Wednesday, July 27, 2011

Consolations


I'm still sad that Amy Winehouse (pictured above), died last weekend at age 27. Many people reacted to her death saying, "Is it a surprise? No! She was a train wreck!"
I'm appalled by such dismissive attitudes. A death doesn't have to be shocking to be unfortunate and tragic. She was young. She was talented. She never seemed to be able to conquer her demons.
Of course, I'm sad! 
I've been thinking of Amy and the many beliefs or truisms I've been questioning lately. I think it's easy to blame what we cannot control for the crappy things that happen in our lives, but to me, that's a cop-out.
Life is it what it is. It's up to you to make the most of it.
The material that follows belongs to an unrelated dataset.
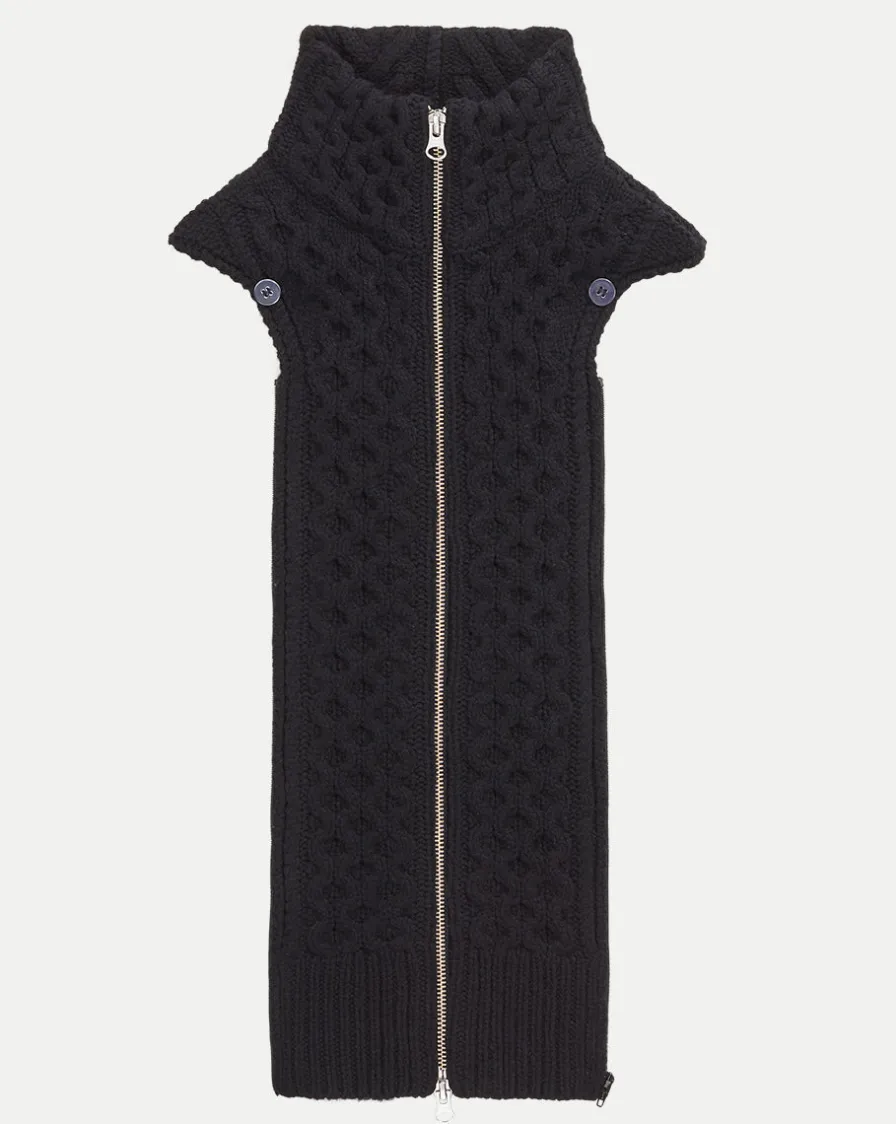With a rustic cable stitch in soft merino wool and a two way front zipper, this is the ultimate layering option.

I'm most disappointed with myself when I fail to do the best I can. I'm not perfect and I don't always push myself as hard as I should, so therefore, I've dealt with a lot of disappointment in my life. Then there are events or situations that are disappointing even if I didn't cause them.
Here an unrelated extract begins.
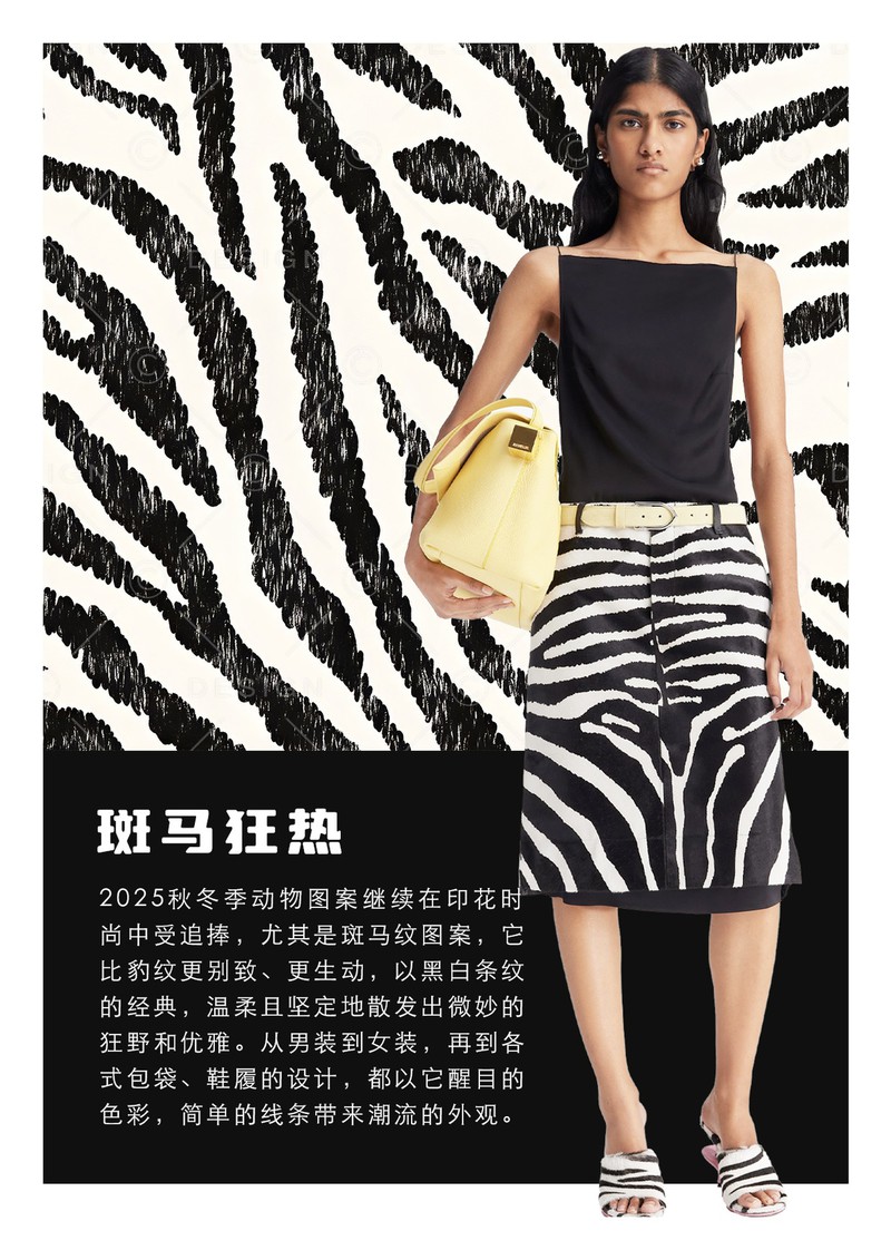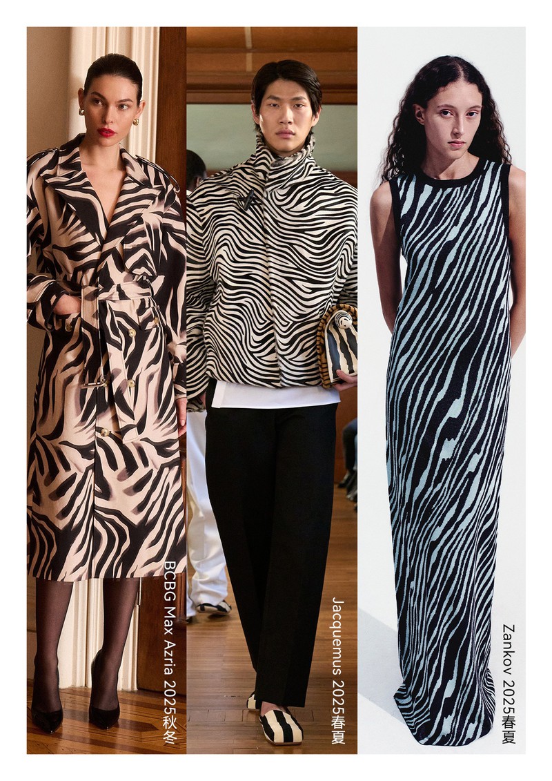 2025年秋冬印花&图案趋势:斑马狂热2025秋冬季动物图案继续在印花时尚中受追捧,尤其是斑马纹图案,它比豹纹更别致、更生动,以黑白条纹的经典,温柔且坚定地散发出微妙的狂野和优雅。从男装到女装,再到各式包袋、鞋履的设计,都以它醒目的色彩,简单的线条带来潮流的外观。

Juan sent me a text today saying that he didn't think he was the best partner for me and that he feels like timing was against us. Well, if the first part is true, then what does timing have to do with anything? Also, blaming timing is like blaming the weather — you're just masking or deflecting from the truth.Why do people discuss the weather? Because they don't have anything real to say or want to say anything real.
And as far as the "best partner" reference, I sadly would have to agree. The best partner for me is someone who is not going to give up on me and will consistently love me, which of course, he wasn't willing to do.
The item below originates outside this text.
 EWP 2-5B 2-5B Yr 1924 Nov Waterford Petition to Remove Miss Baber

My relationship with him did, however, teach me a myriad of lessons — many of which I'm still uncovering.
The lessons are my consolations. Here's some things I hope to never do again in my life:

  • Avoiding conflict by avoiding difficult communication. If it hurts to ask, you better ask before it gets worse. 
  • Not working harder to constantly improve on the three basic rules of a relationship: communication, communication, communication. There are more rules, but it all starts with being able to communicate.
  • Letting hard feelings fester until it's too late. Like wounds, hurt feelings can grow far worse if you don't treat them right away. 
  • Forgiving someone for the same thing or similar things over and over and expecting them to change. At some point, you have to cut them loose if they are not willing to correct their behavior for good. 
  • Making decisions based on fear instead basing them on accomplishing a goal. Always ask, are you reacting or moving forward?
  • Forgetting to love, respect and honor myself for the sake of someone else. Just like in all aspects of life, you need balance.
  • Losing sight of what matters most to me: God, family, honesty, integrity, love, respect, progress, faith, hope. 
  • Forgetting to hold myself accountable for my actions. I made too many choices without fully considering the consequences. 
  • Failing to establish a clear direction for the relationship. Always have a gameplan, even if you don't stick to it.
And, the final consolation: I still have me. And God. And my family.
For that, and the many lessons I've learned, I'm grateful.
And, as Amy wrote and sang, My tears dry on their own.
Hope you found your heaven, Amy. You are missed.